Corkum v. Lenske

Annotate this Case

239 Or. 290 (1964)

397 P.2d 542

CORKUM v. LENSKE

Supreme Court of Oregon.

Argued November 6, 1964.

Affirmed December 16, 1964.

William B. Murray, Portland, argued the cause and filed briefs for appellant.

Reuben G. Lenske, Portland, argued the cause and filed a brief pro se.

*291 Before McALLISTER, Chief Justice, and PERRY, SLOAN, O'CONNELL and LUSK, Justices.

AFFIRMED.

SLOAN, J.

Plaintiff's complaint alleged that defendant had converted to his own use money which defendant had held for plaintiff in a fiduciary capacity. Defendant answered with a plea in abatement which alleged that the same subject matter was included in a suit for accounting which plaintiff had previously filed against defendant and other related parties. The trial court, after a hearing, sustained the plea in abatement and entered a judgment which dismissed this action. Plaintiff appeals from that judgment.

1. Plaintiff contends that the plea of abatement should not be sustained because the parties were not the same. It could not be denied that the money claimed in this action was included in the suit for accounting. The difference in parties was nominal only.

2, 3. The suit for accounting, if properly plead, not only would, but must have, included "* * * an examination of all business relations between the parties." Turner et al v.
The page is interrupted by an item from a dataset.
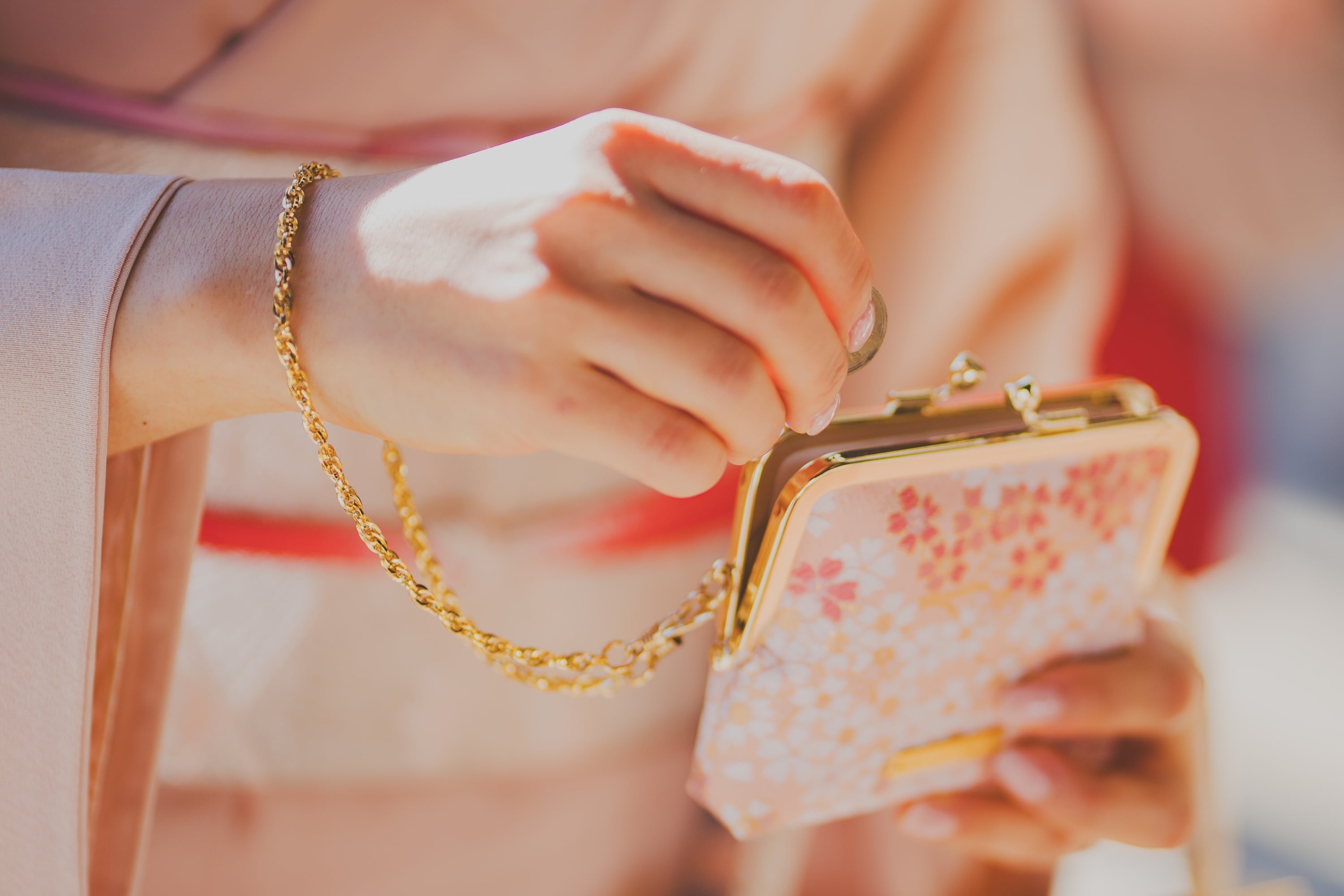 高級感のあるがま口に、華やかなゴールドチェーンを合わせたミニ財布。

McDaniel, 1952, 194 Or 595, 599, 600, 243 P2d 273. It has been held that a suit for an accounting and general equitable relief may, in given circumstances, provide the best procedure for determining a claim for conversion. Fur & Wool Trading Company v. Fox, 1927, 245 NY 215, 156 NE 670, 58 ALR 181. We are at a loss to understand why the suit for accounting has been so long delayed, as the record reflects that it has been. That suit would and should settle all of the rights of the parties.

4. Plaintiff also contends that this case should have been submitted to a jury. The issues in the case were *292 questions of law. There would have been nothing for a jury to decide. We do not decide when, if ever, the constitutional requirement compels jury determination of factual questions presented by a plea in abatement.

The judgment in this action is affirmed.